#### What the task requires:
Output the lines of the records exactly, from the first through the one containing "- Features an". Omit all pictures.

#### Input data:
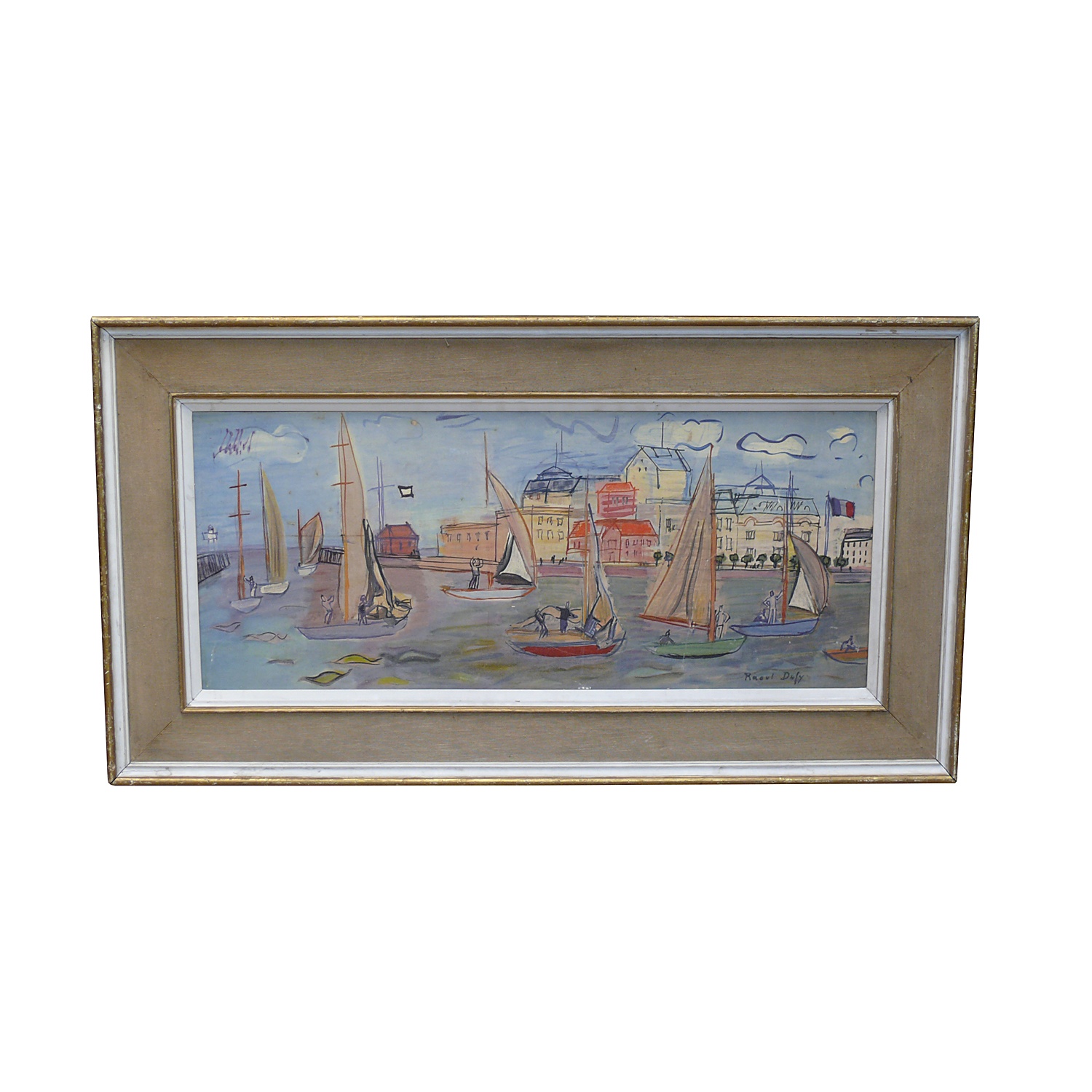 LARGE PRINT ON BOARD RAOUL DUFY LES REGATES DEAUVILLE IN A WHITE FRAME 12/i X 27/i
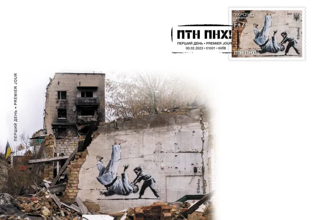 «ПТН ПНХ!» і графіті Бенксі. Укрпошта анонсувала нову марку до річниці повномасштабного вторгнення
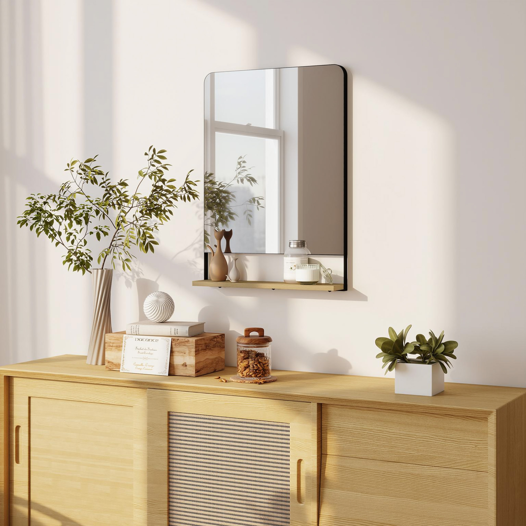 - Features an integrated shelf to keep your entryway organised and clutter-free
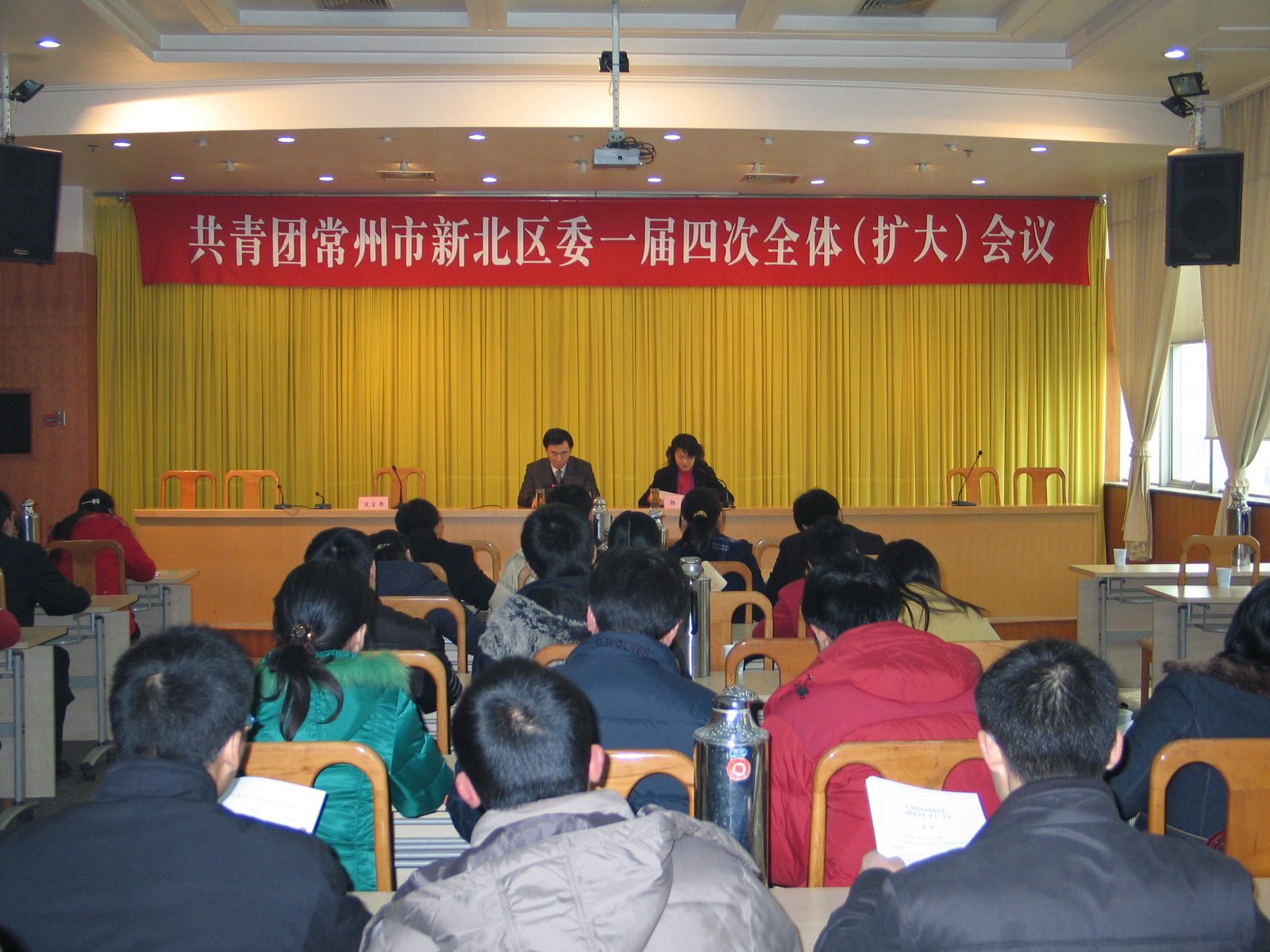 1月25日,共青团新北区委一届四次全体(扩大)会议在区政府创业厅隆重召开。 团区委副书记杨杰作了工作报告,回顾总结了2006年全区团的工作,并认真分析形势,研究部署了2007年工作任务。会上,河海街道团工委、薛家镇团委、新桥中学团委分别作了交流发言。 区委副书记杜吉宾到会讲话,并为获得江苏省五四红旗单位的河海街道团工委颁发了奖牌。杜书记在充分肯定一年来共青团所做出成绩的同时,对下阶段共青团工作具体提了三点意见:一是要认清形势,加大力度,把学习贯彻党代会精神作为新北青年的共同追求,把培养青年人才作为新北团组织的共同使命,为又好又快发展培养大批青年人才;二是要服务大局,奋发有为,组织动员广大团员青年积极投身创新创业、共同建设和谐新北、合力打造生态城区,为又好又快发展奉献青春智慧;三是要夯实基础,增强活力,进一步加强团的基层组织建设、提高团干部的能力与素质,深入推进团工作创新创优。
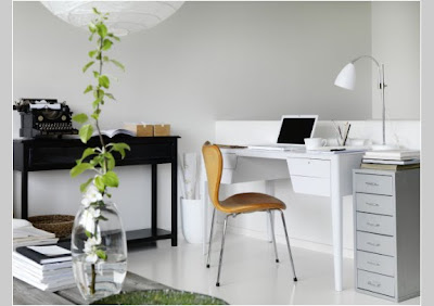 Vad roligt att du visar just den bilden, jag har inte sett den innan, men i mitt huvud så är det precis så jag har tänkt ha det i min kontorshörna.. letar febrilt efter ett sånt skrivbord på blocket för att sen kunna köpa en lådhurts att ha bredvid! 🙂
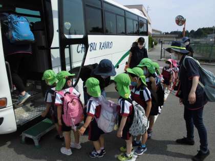 今日は待ちに待った遠足!子供たちの願いが届き朝から太陽が顔をのぞかせていました。初めての遠足やバスに、出発前からわくわくの子供たちでした。
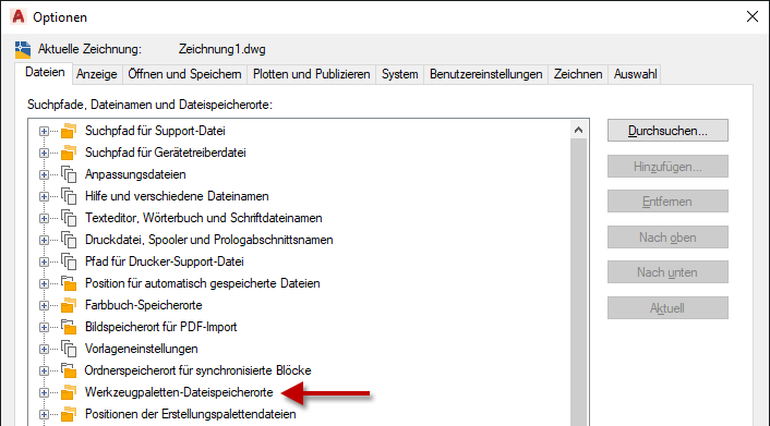 Werkzeugpalettendateien enthalten standardmäßige und benutzerdefinierte Werkzeuge. Die Dateien sind an den Speicherorten abgelegt, die von der Einstellung Werkzeugpaletten-Dateispeicherorte angegeben werden.
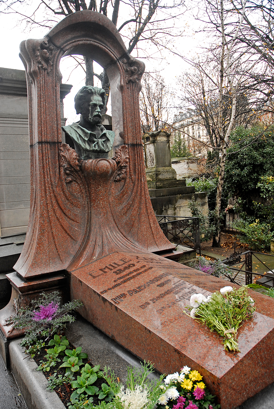 J’acusse. Émile Zola escribió el 13 de enero de 1898 en el diario L’Aurore un artículo denunciando la condena injusta que había sufrido el capitán Alfred Dreyfus, acusado con pruebas falsas de traición a la patria y recluido a perpetuidad en la Isla del Infierno, Guayana Francesa. Se mezclaban en la Consejo de Guerra el antisemitismo, tan extendido en Francia entonces como ahora, los intereses de la derecha tradicional, junto con el corporativismo militar. Emile Zola sufrió todo tipo de presiones, calumnias, infamias y desprestigios por parte de todos aquellos que no querían reconocer la inocencia de un ciudadano francés de origen judio. Emile Zola falleció en 1902, antes de saber que Dreyfus fuera finalmente declarado inocencte (en 1908) y rehabilitado por la Republique, que antes lo había condenado vergonzosamente, con todos los honores en 1906. Tumba de Èmile Zola en el cementerio de Montmartre, París.
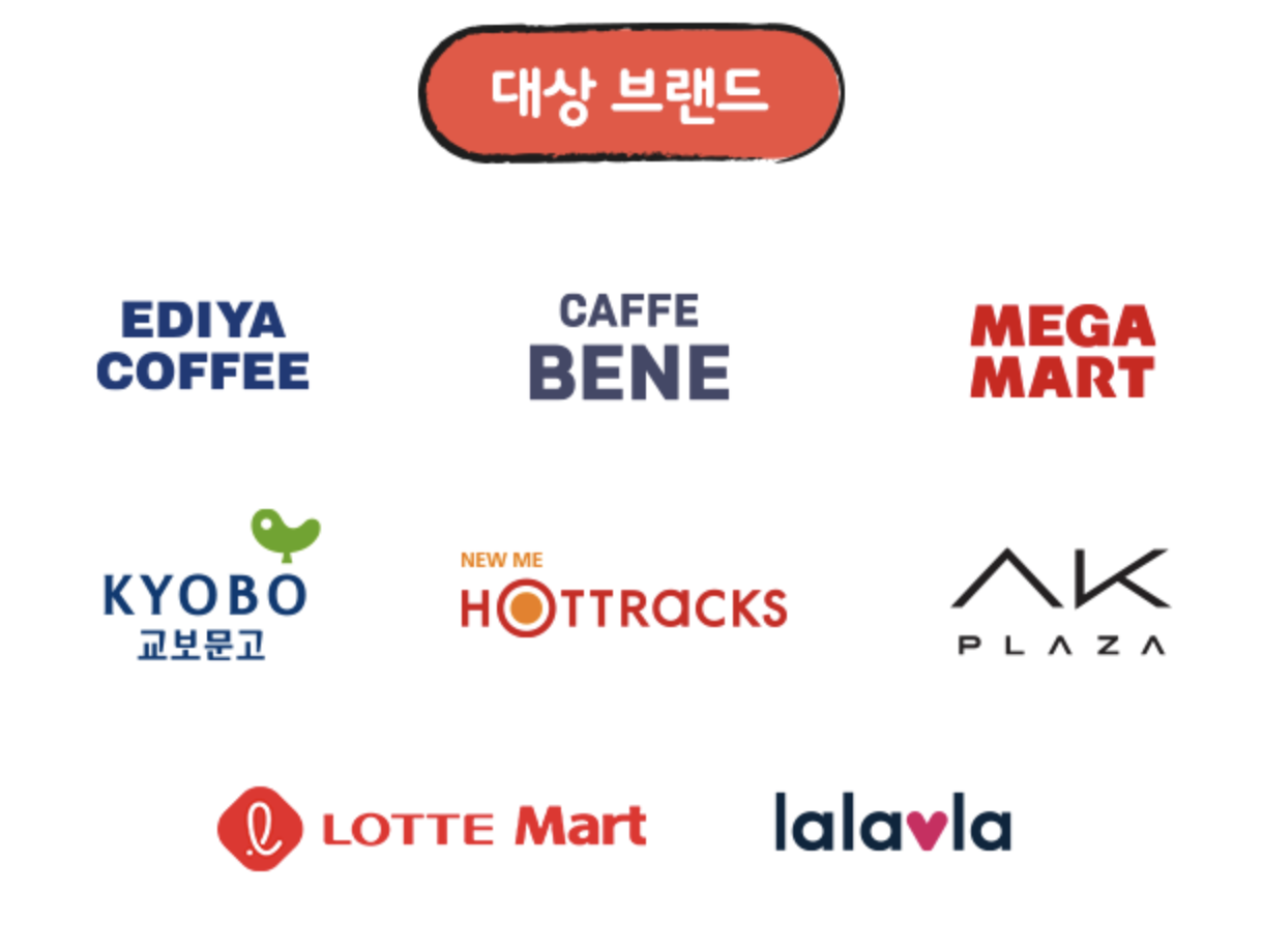방법2(매장에서 안전하게 비접촉 결제) 참여 브랜드는 이디야커피, 카페베네, 메가마트, 교보문고, 핫트랙스, AK플라자, 롯데마트, 랄라블라입니다.
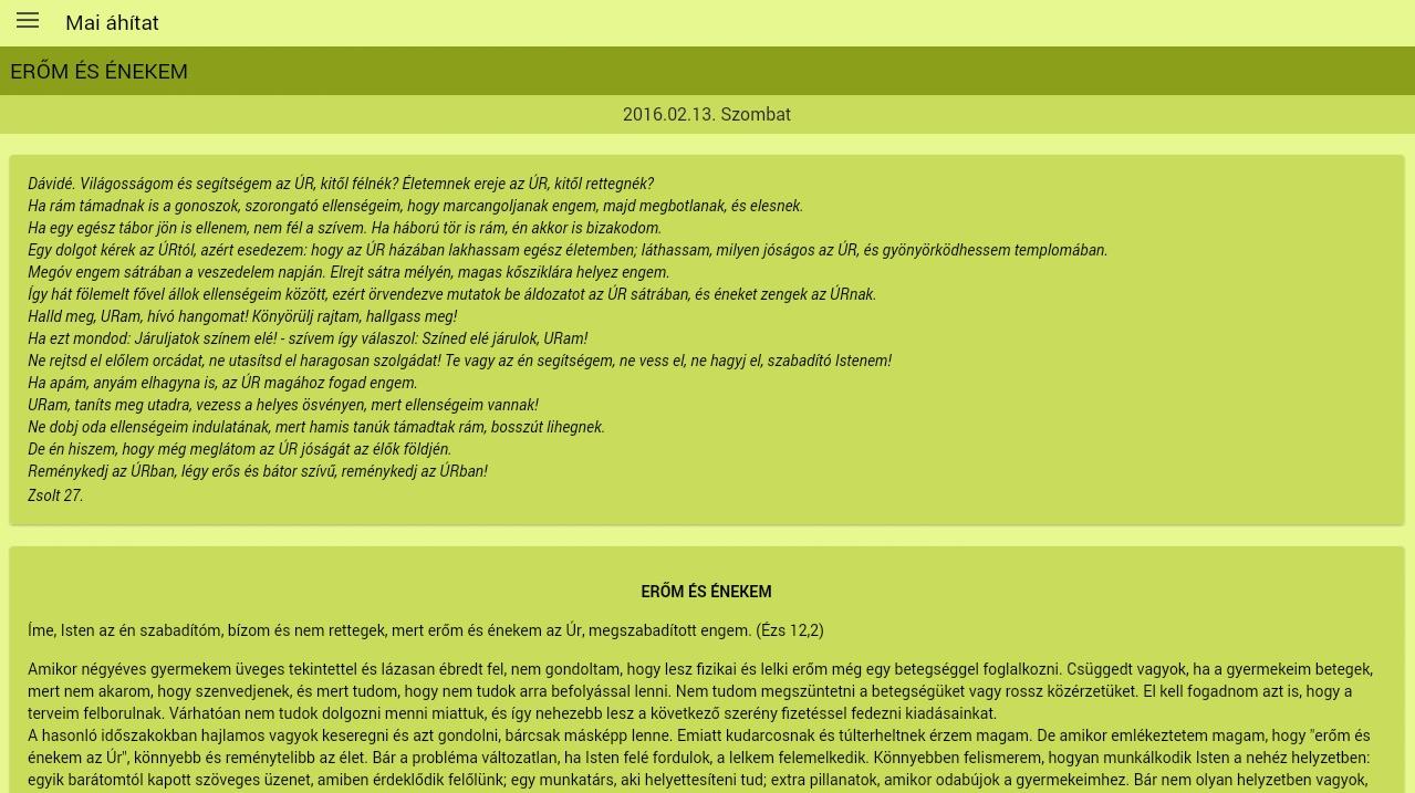 Nagy betűmérettel is jól olvasható a napi áhítat.
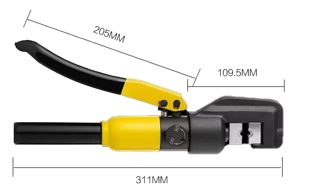 Manual hydraulic crimping plier for sale online, available with a 5 ton output power, 11mm stroke, 6-70mm2 copper terminal or 4-50mm2 aluminum terminal crimping range, suitable for electrical, telecommunications, automotive and plumbing industries.
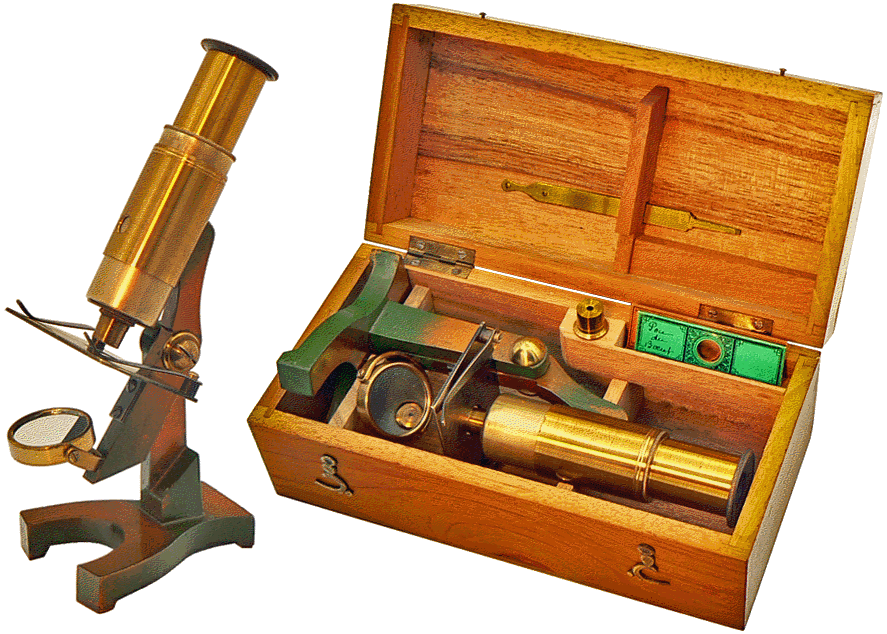 Microscope élémentaire inclinable- "Household microscope"- Hauteur minimum 17 cm - Vers 1900 |

#### Finished exercise:
 LARGE PRINT ON BOARD RAOUL DUFY LES REGATES DEAUVILLE IN A WHITE FRAME 12/i X 27/i
 «ПТН ПНХ!» і графіті Бенксі. Укрпошта анонсувала нову марку до річниці повномасштабного вторгнення
 - Features an integrated shelf to keep your entryway organised and clutter-free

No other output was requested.